11. The method as recited in claim 10, further comprising progressively reducing a number of rays conveyed for processing, responsive to continued cache contention.

12. The method as recited in claim 10, further comprising increasing a number of rays conveyed for processing, responsive to cache contention falling below a threshold.

13. The method as recited in claim 10, wherein responsive to the indication of cache contention, the method further comprises reducing a number of rays concurrently processed by ray tracing circuitry to no more than a given threshold.

14. The method as recited in claim 8, further comprising:

measuring the cache contention by comparing one or more cache access metrics to a corresponding threshold; and

increasing at least one threshold used to measure the cache contention based on performance of the processing circuitry exceeding a performance threshold.

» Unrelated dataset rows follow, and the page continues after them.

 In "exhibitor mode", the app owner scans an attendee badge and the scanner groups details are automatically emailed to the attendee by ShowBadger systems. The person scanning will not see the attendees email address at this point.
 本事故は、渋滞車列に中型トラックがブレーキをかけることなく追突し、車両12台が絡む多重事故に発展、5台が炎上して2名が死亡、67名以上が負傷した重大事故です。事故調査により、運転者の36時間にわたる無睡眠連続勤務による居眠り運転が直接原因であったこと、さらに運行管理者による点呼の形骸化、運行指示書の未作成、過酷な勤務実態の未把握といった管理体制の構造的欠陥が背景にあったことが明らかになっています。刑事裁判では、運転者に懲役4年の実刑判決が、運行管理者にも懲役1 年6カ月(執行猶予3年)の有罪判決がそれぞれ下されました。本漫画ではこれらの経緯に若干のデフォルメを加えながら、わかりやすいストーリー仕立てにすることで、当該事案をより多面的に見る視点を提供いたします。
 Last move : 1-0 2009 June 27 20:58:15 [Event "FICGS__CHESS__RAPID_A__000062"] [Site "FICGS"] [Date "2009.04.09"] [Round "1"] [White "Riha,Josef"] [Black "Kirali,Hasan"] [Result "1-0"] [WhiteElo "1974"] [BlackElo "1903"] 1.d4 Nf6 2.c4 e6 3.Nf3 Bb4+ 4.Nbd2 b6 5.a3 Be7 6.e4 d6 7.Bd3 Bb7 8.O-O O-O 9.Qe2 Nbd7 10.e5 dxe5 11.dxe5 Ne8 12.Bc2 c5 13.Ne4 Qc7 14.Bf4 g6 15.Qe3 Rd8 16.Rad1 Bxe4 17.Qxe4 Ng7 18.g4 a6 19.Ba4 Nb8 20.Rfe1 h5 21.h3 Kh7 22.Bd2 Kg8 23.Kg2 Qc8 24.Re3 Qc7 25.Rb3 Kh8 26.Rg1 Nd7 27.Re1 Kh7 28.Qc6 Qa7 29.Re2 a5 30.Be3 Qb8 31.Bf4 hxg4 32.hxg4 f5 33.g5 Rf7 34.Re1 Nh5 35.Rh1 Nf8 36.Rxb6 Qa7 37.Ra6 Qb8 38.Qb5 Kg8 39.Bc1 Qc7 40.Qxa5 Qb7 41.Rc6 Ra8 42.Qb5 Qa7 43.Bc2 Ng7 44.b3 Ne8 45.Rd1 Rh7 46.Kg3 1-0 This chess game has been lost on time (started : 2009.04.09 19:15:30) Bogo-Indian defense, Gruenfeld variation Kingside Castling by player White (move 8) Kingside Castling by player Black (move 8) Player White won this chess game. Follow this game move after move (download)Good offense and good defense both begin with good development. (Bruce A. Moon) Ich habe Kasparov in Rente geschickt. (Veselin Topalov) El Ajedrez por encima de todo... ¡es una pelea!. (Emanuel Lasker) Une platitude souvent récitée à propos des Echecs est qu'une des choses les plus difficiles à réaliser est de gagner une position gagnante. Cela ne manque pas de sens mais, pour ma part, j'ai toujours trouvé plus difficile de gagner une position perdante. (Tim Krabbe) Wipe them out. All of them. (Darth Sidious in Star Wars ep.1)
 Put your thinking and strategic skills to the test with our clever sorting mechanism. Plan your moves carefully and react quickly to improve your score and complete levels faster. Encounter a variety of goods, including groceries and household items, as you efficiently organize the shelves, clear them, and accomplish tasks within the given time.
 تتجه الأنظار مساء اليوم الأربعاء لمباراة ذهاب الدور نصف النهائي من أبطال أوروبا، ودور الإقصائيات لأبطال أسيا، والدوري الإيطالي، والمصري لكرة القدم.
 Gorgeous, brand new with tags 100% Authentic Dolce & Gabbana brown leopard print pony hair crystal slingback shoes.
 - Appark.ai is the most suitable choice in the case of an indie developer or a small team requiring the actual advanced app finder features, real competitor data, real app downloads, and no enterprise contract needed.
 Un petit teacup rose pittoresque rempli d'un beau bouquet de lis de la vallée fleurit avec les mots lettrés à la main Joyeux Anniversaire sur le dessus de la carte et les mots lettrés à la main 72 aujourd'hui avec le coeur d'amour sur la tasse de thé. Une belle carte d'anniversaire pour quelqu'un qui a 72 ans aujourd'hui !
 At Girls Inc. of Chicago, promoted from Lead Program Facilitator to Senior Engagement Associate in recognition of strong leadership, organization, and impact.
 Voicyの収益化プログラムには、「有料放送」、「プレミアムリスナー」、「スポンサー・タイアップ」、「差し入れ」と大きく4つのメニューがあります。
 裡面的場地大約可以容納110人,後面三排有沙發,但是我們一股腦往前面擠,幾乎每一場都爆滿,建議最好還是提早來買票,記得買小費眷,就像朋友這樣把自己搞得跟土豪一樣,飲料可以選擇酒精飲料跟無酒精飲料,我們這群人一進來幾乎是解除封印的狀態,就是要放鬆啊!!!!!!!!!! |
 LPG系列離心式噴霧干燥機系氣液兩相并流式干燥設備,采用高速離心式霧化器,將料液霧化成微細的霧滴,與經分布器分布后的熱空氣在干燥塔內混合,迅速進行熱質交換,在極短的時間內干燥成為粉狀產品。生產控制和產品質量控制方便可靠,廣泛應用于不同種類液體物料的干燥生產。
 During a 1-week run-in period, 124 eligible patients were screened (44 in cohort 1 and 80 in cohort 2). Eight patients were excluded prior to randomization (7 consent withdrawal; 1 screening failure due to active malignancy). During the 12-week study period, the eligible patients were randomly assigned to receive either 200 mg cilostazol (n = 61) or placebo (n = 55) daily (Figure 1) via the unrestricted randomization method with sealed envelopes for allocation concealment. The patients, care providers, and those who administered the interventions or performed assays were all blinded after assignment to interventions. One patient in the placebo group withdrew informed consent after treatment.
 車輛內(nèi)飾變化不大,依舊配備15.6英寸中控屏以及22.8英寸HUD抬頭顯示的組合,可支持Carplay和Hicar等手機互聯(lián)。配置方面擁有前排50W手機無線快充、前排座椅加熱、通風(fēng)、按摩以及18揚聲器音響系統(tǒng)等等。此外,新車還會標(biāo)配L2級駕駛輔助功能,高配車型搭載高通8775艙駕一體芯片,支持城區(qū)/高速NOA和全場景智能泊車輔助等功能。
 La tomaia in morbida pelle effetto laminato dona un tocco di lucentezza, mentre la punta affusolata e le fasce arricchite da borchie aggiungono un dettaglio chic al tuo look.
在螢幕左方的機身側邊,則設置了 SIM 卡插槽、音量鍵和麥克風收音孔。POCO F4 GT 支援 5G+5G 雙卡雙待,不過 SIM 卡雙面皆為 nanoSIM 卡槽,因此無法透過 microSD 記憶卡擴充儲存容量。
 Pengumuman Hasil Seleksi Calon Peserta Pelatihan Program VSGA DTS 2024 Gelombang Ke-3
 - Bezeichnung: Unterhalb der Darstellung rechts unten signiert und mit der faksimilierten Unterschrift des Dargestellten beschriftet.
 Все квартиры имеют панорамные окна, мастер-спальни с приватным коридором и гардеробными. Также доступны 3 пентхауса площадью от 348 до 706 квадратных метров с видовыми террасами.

15. A computing system comprising:

a cache memory subsystem comprising circuitry configured to store data of one or more workloads; and

processing circuitry; and

control circuitry configured to:

convey a plurality of data items for processing by the processing circuitry;

monitor cache access metrics during accesses of the cache memory subsystem; and

based at least in part on the cache access metrics, change a number of data items conveyed for processing by the processing circuitry.

16. The computing system as recited in claim 15, wherein each of the plurality of data items corresponds to a different task or thread of execution.

17. The computing system as recited in claim 15, wherein each of the plurality of data items corresponds to a ray generated based on image data.

18. The computing system as recited in claim 17, wherein the control circuitry is configured to progressively reduce a number of rays conveyed for processing, responsive to continued cache contention indicated by measurements of the cache access metrics.

19. The computing system as recited in claim 17, wherein the control circuitry is configured to increase a number of rays conveyed for processing, responsive to cache contention falling below a threshold, wherein the cache contention is indicated by measurements of the cache access metrics.

20. The computing system as recited in claim 17, wherein responsive to an indication of cache contention indicated by measurements of the cache access metrics, the control circuitry is configured to reduce a number of rays concurrently processed by ray tracing circuitry to no more than a given threshold.